OCTUBRE DE 2011
DURHAM, CAROLINA DEL NORTE
—¿Qué estás haciendo? —April entró en la cocina descalza y cubierta sólo por la camisa de su novio.
Él estaba cocinando huevos con beicon en una sartén.
—Preparo el desayuno. —Con una sonrisa, Simon se volvió hacia ella y le dio un rápido beso en los labios—. ¿Cómo has dormido?
—Bien. —April estiró los brazos por encima de la cabeza y se echó a reír—. Duermo mejor contigo que sola.
—Yo también —admitió él, más para sí mismo que para que lo oyera.
April sacó el zumo de naranja de la nevera y sirvió un vaso para cada uno.
—Duermo mejor contigo, pero me siento culpable.
—¿Culpable? —Simon se volvió hacia ella, espátula en mano—. ¿Por qué?
April bajó la cabeza, mirando fijamente el zumo de naranja.
—Porque dormimos juntos pero no estamos casados.
Simon se quedó pasmado.
El concepto de la castidad le resultaba tan remoto como la Luna. Lo había conocido anteriormente con Julia, pero le había parecido algo estúpido y molesto, algo que debía destruir mediante la seducción o la manipulación.
Sin embargo, lo que sentía con April era muy distinto. No estaba seguro, pero podría tratarse de remordimiento.
Era una experiencia nueva para él.
—El sexo no es malo.
—Es curioso que digas eso. —Ella tamborileó en el vaso—. Tú me has enseñado que el sexo es algo muy, muy bueno. Me encanta. Y me encanta estar contigo.
—Entonces, ¿qué problema hay?
—Me enseñaron que tenía que esperar hasta el matrimonio y no lo he hecho.
Simon se volvió hacia el fogón sin saber qué decir. Siguió cocinando unos segundos, pero luego apagó el fuego y retiró la sartén.
Se limpió las manos en la parte trasera de los bóxers mientras se acercaba a ella.
—Te dijeron que tenías que esperar, porque tus padres no querían que algún capullo se aprovechara de ti.
—Simon —lo reprendió ella—. No digas palabrotas.
—Lo siento. Tus padres querían protegerte.

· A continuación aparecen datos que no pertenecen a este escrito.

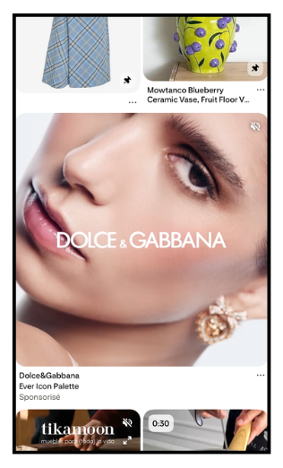- Pins sponsorisés : image, vidéo ou collection

—No son sólo mis padres. En la Iglesia dicen lo mismo.
—Bueno, estoy seguro de que también tratan de protegerte y me parece bien, pero nuestra situación es distinta.
April levantó la cabeza.
—¿Lo es?
—Sí. —Simon la abrazó.
—¿Por qué? —sonaba cautelosa—. No lo entiendo.
—No estoy contigo para pasar el rato. Disfruto mucho del sexo contigo, pero también disfruto de tu compañía. Cuando estamos juntos puedo bajar la guardia. No tengo que ser el hijo del senador Talbot. Puedo ser yo mismo porque tú me aceptas como soy.
—Yo siento lo mismo. —April se acurrucó contra su pecho—. Pero cuando te marchas me siento mal.
—Es porque nos queremos.
—Ojalá pudiéramos quedarnos así para siempre —susurró ella, abrazándolo con fuerza por la cintura.
—Ojalá. —Simon se sorprendió al darse cuenta de que lo deseaba de verdad.
En el poco tiempo que hacía que se conocían, había llegado a quererla mucho. Su relación era muy cómoda y satisfactoria. No se imaginaba que pudiera acabar.
—Te quiero, Simon.
A él se le hizo un nudo en la garganta. No era idiota. Sabía lo que era April: una joven hermosa, amable e increíble. No una persona hastiada y cínica como él, ni una trepadora social como Natalie. Pero tampoco era como Julia, esa mojigata que siempre estaba asustada. Julia lo había hecho sentir como si fuera un animal, indigno de tocarla.
April probablemente se había despertado esa mañana, había decidido que lo amaba y se lo había dicho. Sin darle más vueltas, sin jueguecitos, sin aspiraciones políticas detrás.
Casi sin darse cuenta, Simon respondió:
—Yo también te quiero.
April lo abrazó con todas sus fuerzas y empezó a dar saltitos.
—¡Es genial! —gritó—. ¡Soy tan feliz!
—Yo también. —Sonrió al ver su cara tan alegre y su exuberancia juvenil y la besó.